Where are you from? Maybe it’s just part of my generation and our anxiety, but I feel defined by where I’m from to the point it’s getting hard to relate it to people as I get older. There’s probably a dead guy with a good book about collective experience being tied to where we’re from.
Spider-Man is defined bty the city of New york. We can assume that it’s the place that, as Peter Parker, he went on his first date or had his first apartment. Spider-Man knows New York and he loves it, to the point that it’s hard to imagine the character elsewhere.
Open world games want us to love their worlds as much as Spider-Man loves New York. Even though they’re mostly just amusement parks than they are real places. The best of these amusement parks allow you to learn landmarks and understand the world for what it is. Metal Gear Solid V may not take place in a city, but it still teaches the player how important the world is down to every rock and bush.
Spider-Man’s latest digital outing doesn’t take too different an approach. Insomniac wanted New York to not just be the location of the story, but factor in to the identity of its characters and the player.
Mary Jane Watson’s best quote in the game, “New York is about subway rats and street pizza, not sunbathing.” is pretty endemic of how Insomniac wants the player to not just see New-York, but feel it through the characters.
It’s worth pointing out too, that even with fictitious inclusions like a floating monorail line that goes through lower Manhattan and Avengers Tower that every building and vaguely-named pizza joint still feels like they belong right where Insomniac put them. Just swinging through can make you connect with Spider-Man a little bit better, it’s a feeling that few other open-world games have used.
Keeping me so well connected to New York through the entire game, Spider-Man constantly had me thinking about other cities I’ve been to in videogames. Fictional ones, mostly, ones that are less real than the cultural hodgepodges created for Grand Theft Auto. Over and over again, my mind kept drifting to the Arkham Asylum trilogy and of course, Batman.
There’s a big reason for that – Spider-Man has so much of the DNA of Rocksteady’s Batman games you’d swear they were related. Considering that both characters are orphans, I can only imagine the awful family reunions that would entail. Spider-man may owe it’s creation to Rocksteady’s series like Batman owes his to an alleyway and a gunshot, but Spider-Man’s soul is completely different.
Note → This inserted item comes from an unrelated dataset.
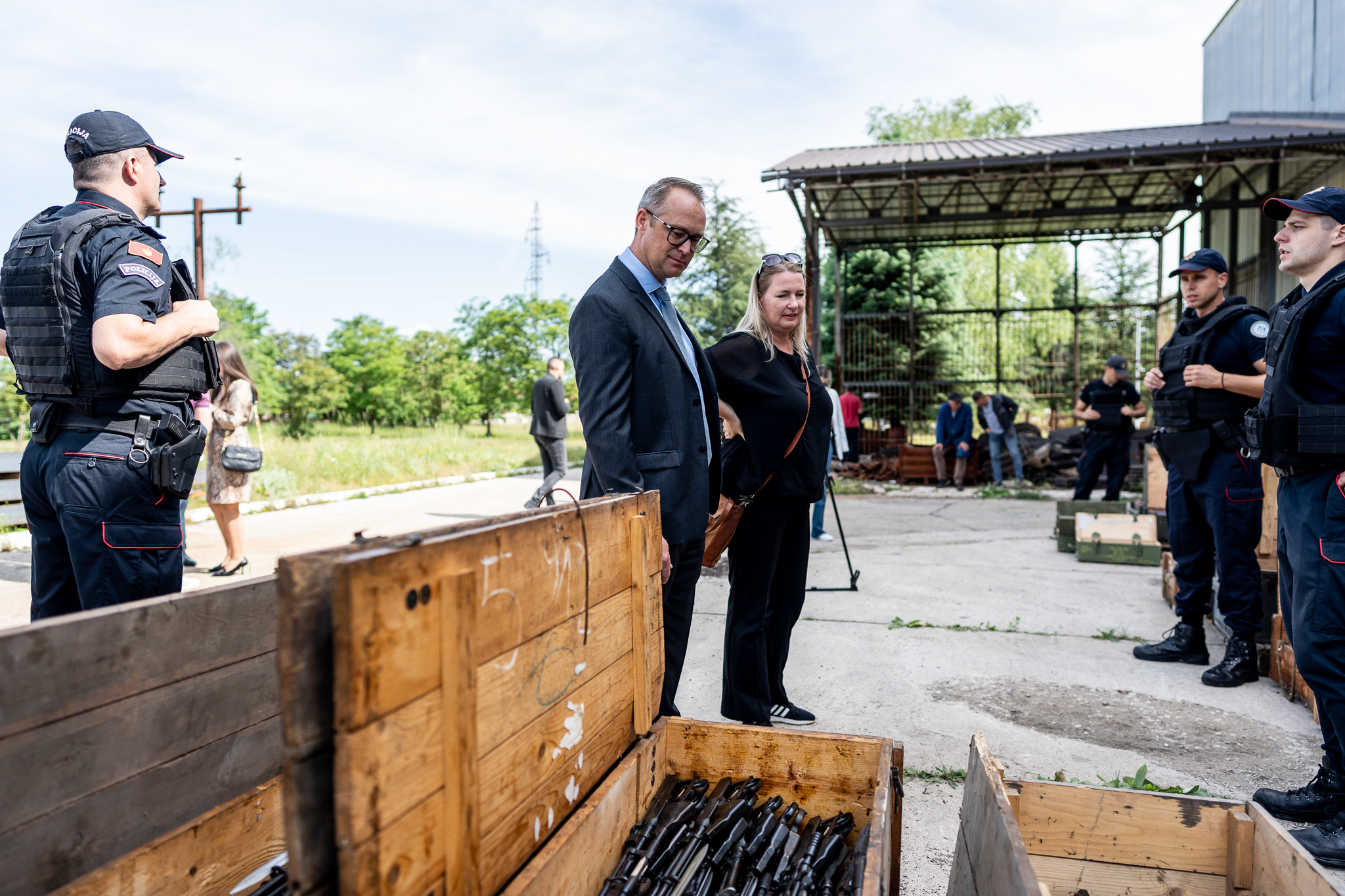 Siv-Katrine Leirtroe, Deputy Head of the OSCE Mission to Montenegro, and Johan Dahl, the Mission's Project Officer, attend the destruction of weapons, organized by the Ministry of Internal Affairs of Montenegro with UNDP/SEESAC in Nikšić, Montenegro, 7 June 2023.

Part of that soul comes from the texture and realness of New York. It helps the stakes feel more significantly more grounded, giving an idea of how much is at stake. As the situation in the game grows more dire with each chapter, New York falls into waste and chaos.
What does a sterile and lifeless Gotham City communicate then, about Batman? Gotham really never feels real despite howmuch the Unreal Engine tries to make it look that way. It is, at best, an amusement park inside a giant ridiculous Gothic cathedral. With hollow and empty streets that are only ever occupied by the worst of the worst, a perpetual gangland fantasy that never ends.
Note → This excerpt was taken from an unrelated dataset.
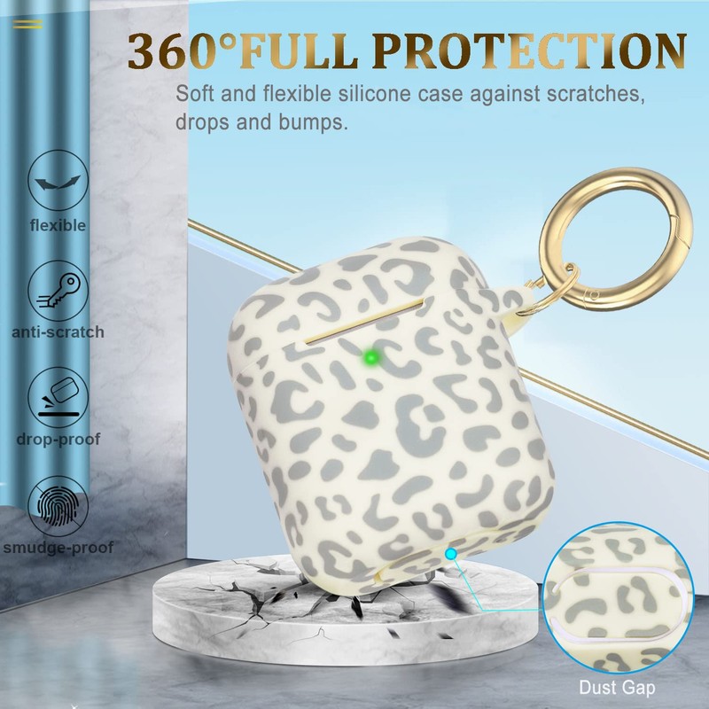 Leopard Silicone Compatible with Airpods Case, Gawnock Soft Earpod Case Flexible Compatible with Airpods 2nd/1st Generation Print Cover for Women Girls with Keychain - Beige Leopard Cheetah

Batman seems overly concerned with the empty city in the Arkham Asylum trilogy. So much that he’s fiendishly dedicated to liberating it from the hands of villains – a city that I doubt Bruce Wayne has ever lived in. There are no characters part of the plot that aren’t immediately related to Batman, because there’s really no city beyond him.
It’s as if the developers of the Arkham Asylum games never saw a greater need for the city to exist – it is the eternal carnival house of terrors for Batman to go adventuring in, an excuse for the rich kid to test out his gadgets and wage his war on crime.
Gotham city is the anti New-York. It’s the one part of the DNA that Insomniac must have known needed changing – that without the people in it a city is just architecture and newspaper clippings.
Spider-Man doesn’t really care about collateral damage, as long as people are safe. What’s that next to a few streets of concrete and asphalt?
Or, to put it another way, the Arkham series never genuinely escapes “Arkham Aslyum.” Both Arkham City and Arkham Knight are just imposing a variation on the insane aslyum as a substitute for the city.
Rocksteady never really did manage to fully escape the trappings of Asylum, and to note: the Asylum is just as empty as the city is, freeing up even that game on reflection from any sense of urgency or stakes. The only civilians that don’t immediately die you see in the opening five minutes of the game besides Comissioner Gordon and a small handful of others.